Aha! That was the bit I was missing. Indeed with the new fserror code the
errors are generated from work items and as you say different worker
kthread can end up generating each event so they won't be merged.

So fixing this in LTP test definitely makes sense! As I wrote in earlier
email what I'd do is that I'd create a helper function in the test reading
fserror events from the kernel and merging them and returning final array
of merged events.

The side note is that for fserror events the pid is mostly useless because
it will be pid of some random kworker but I don't think it's serious enough
to try to deal with that in the kernel somehow.

								Honza

> 
> 
> Enable pr-debug info with following command:
> echo 'func fanotify_should_merge +p' > /sys/kernel/debug/dynamic_debug/control
> 
> merge failed log:
> [ 5005.318867] [   T2675] loop0: detected capacity change from 0 to 614400
> [ 5005.324451] [   T2675] /dev/zero: Can't lookup blockdev
> [ 5005.399749] [      C0] operation not supported error, dev loop0, sector 614272 op 0x9:(WRITE_ZEROES) flags 0x10800800 phys_seg 0 prio class 2
> [ 5005.431946] [   T2675] EXT4-fs (loop0): mounted filesystem 66a18a14-c058-4356-bf1d-f34b4139ad3f r/w with ordered data mode. Quota mode: none.
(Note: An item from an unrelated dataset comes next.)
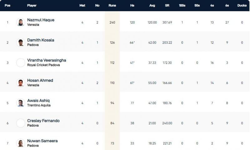 Damith Kosala of Padova is placed second on the run-scoring charts. He has smashed 126 runs thus far, with an unbeaten 66 being his highest score. Kosala's runs have come at an excellent strike rate of 203.22, and are studded with 12 fours and nine maximums.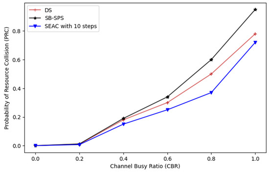 At the beginning, all the techniques show a similar PRC at low channel busy ratios (CBRs), indicating comparable effectiveness in low-traffic scenarios. However, as the CBR increases, traditional methods like SB-SPS and DS quickly experience a sharp rise in the PRC, leading to higher collision rates. In contrast, the SEAC, particularly in the 10-step simulation, maintains a lower PRC even at higher CBR levels. The SEAC model with 10 steps refers to the reinforcement learning model using a 10-step lookahead strategy. This approach allows the model to make more informed decisions by considering the potential outcomes of actions over the next 10 time steps, optimizing the resource allocation and collision avoidance.

> [ 5005.450493] [   T2691] EXT4-fs (loop0): unmounting filesystem 66a18a14-c058-4356-bf1d-f34b4139ad3f.
> [ 5005.472350] [   T2691] EXT4-fs (loop0): mounted filesystem 66a18a14-c058-4356-bf1d-f34b4139ad3f r/w with ordered data mode. Quota mode: none.
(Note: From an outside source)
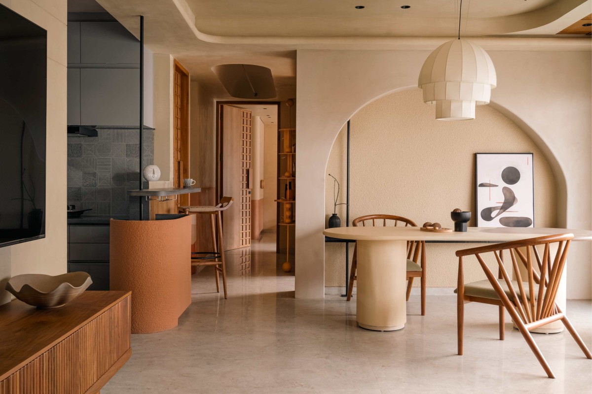 The dining area, conceived as a serene extension of the living space- creates a moment of pause with an arched architectural backdrop that introduces rhythm and softness. A terracotta-finished bar table acts as a transitional element between the dining and kitchen areas, balancing functionality with material expression —a bold element that segregates the zones while maintaining visual continuity.

> [ 5005.476698] [   T2691] EXT4-fs error (device loop0): ext4_lookup:1785: inode #32386: comm fanotify22: iget: bogus i_mode (377)
> [ 5005.479819] [   T1618] fanotify_group_event_mask: report_mask=4 mask=8000 data=00000000a5a60545 data_type=6
> [ 5005.484575] [   T1618] fanotify_handle_event: group=000000005be5930d mask=8000 report_mask=4
> [ 5005.485525] [   T2691] EXT4-fs error (device loop0): __ext4_remount:6804: comm fanotify22: Abort forced by user
> [ 5005.486874] [   T1618] fanotify_insert_event: group=000000005be5930d event=00000000f1581cb4 bucket=118  <<<<<<
> [ 5005.488983] [   T2691] Aborting journal on device loop0-8.
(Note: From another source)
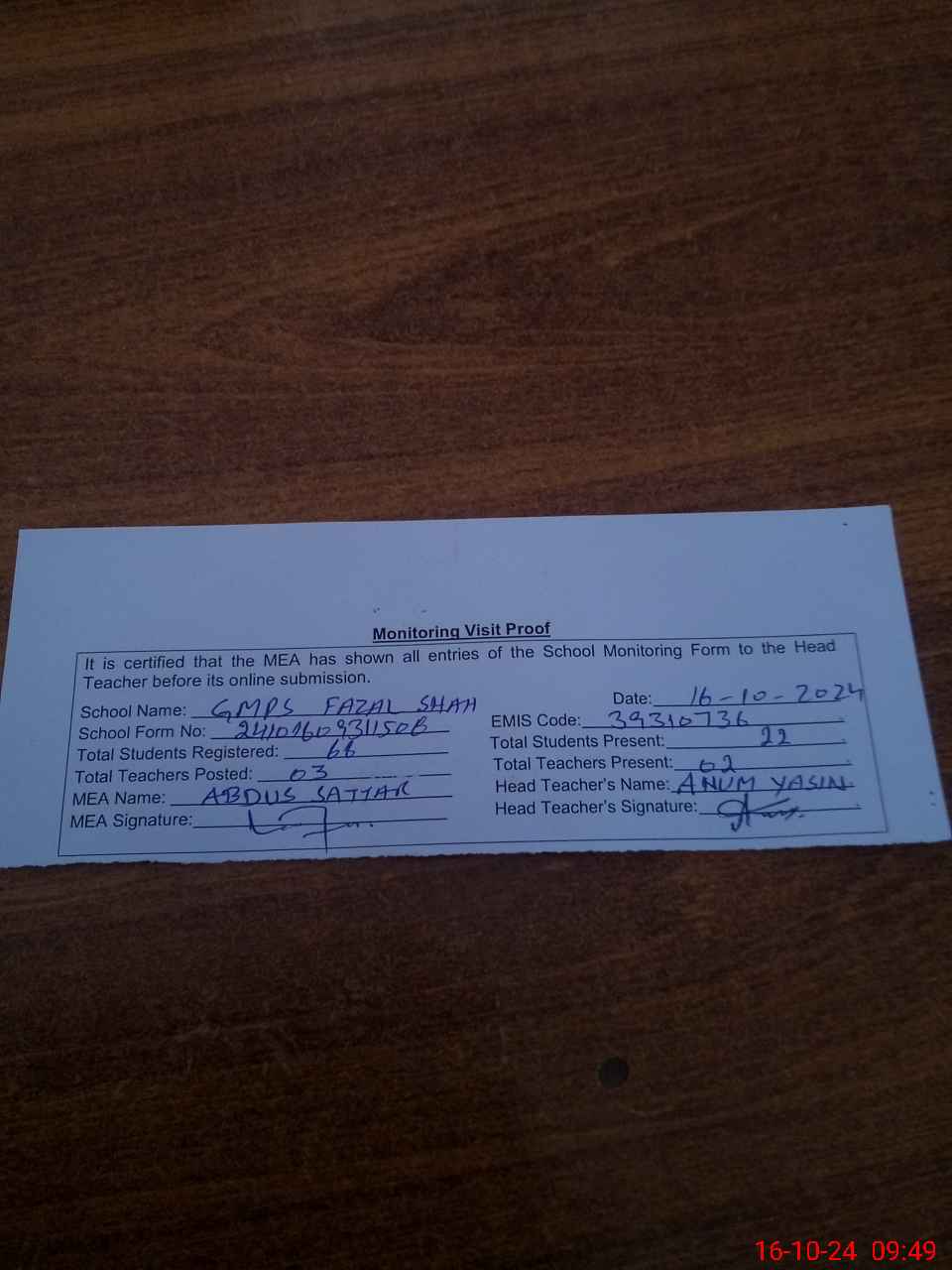 | EMIS Code: 39310736 | Name of School: GMPS CHAK FAZAL SHAH | |||

> [ 5005.492336] [   T1550] fanotify_group_event_mask: report_mask=4 mask=8000 data=000000007f826d40 data_type=6
> [ 5005.494414] [   T2691] EXT4-fs (loop0): Remounting filesystem read-only
> [ 5005.494505] [   T1550] fanotify_handle_event: group=000000005be5930d mask=8000 report_mask=4
> [ 5005.494746] [   T2691] EXT4-fs (loop0): re-mounted 66a18a14-c058-4356-bf1d-f34b4139ad3f ro.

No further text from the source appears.